ODNIESIENIE! Tak więc, mimo że Amancio Ortega stworzył znaną na całym świecie markę modową Zara, on sam ubiera się bardzo prosto. A wszystko to pomimo tego, że na koncie ma około 100 miliardów dolarów.
TOP 5 najskromniejszych miliarderów
Do najbogatszych ludzi świata, którzy w ubiorze wykazują się niesamowitą skromnością i bezpretensjonalnością, zaliczają się między innymi znani:
- Mark Zuckerberg – jego bluzy zostały przyjęte przez cały komputerowy świat i zaczęto je nosić jako modny dodatek. Pomimo tego, że Mark jest obecnie jednym z pięciu najbogatszych ludzi na świecie, mógł sobie pozwolić na przyjście do pracy w piżamie i stwierdzenie, że nie ma czasu na ubrania.
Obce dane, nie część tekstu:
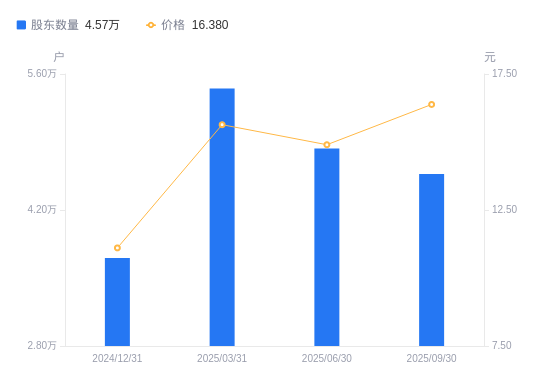 近一年(2024年9月30日至2025年9月30日),迪安诊断A股股东户数从3.95万户,增加至4.57万户,增幅15.79%,区间股价上涨40.29%。

- Bell Gates wierzy, że droga odzież to nadmiar, który nie zapewnia żadnych korzyści funkcjonalnych. W ogóle nie dba o swoją garderobę, preferując rozwój intelektualny.
- Steve Jobs również preferował najprostsze i najbardziej skromne ubrania, często nosił zwykłe dżinsy i czarne golfy.
- Tę samą zasadę w odzieży popiera założyciel rosyjskiego VK, Pavel Durov. Jego skromność graniczy z ascezą.
- Sergey Brin jest jednym ze współzałożycieli Google. Jego stroje są na tyle bezpretensjonalne, że czasami powodują nieporozumienia. Zwykłe znoszone dżinsy, golfy czy bluzy, najprostsze w wyglądzie i nie mające nic wspólnego ze światem mody - tak nosi Sergey Brin.
WAŻNY! Większość z nich wierzy, że ubranie nie może być celem samym w sobie.
Preferują rozwój duchowy i samodoskonalenie intelektualne. Poza tym niemal wszyscy angażują się w działalność charytatywną, przekazując na jej rzecz astronomiczne kwoty.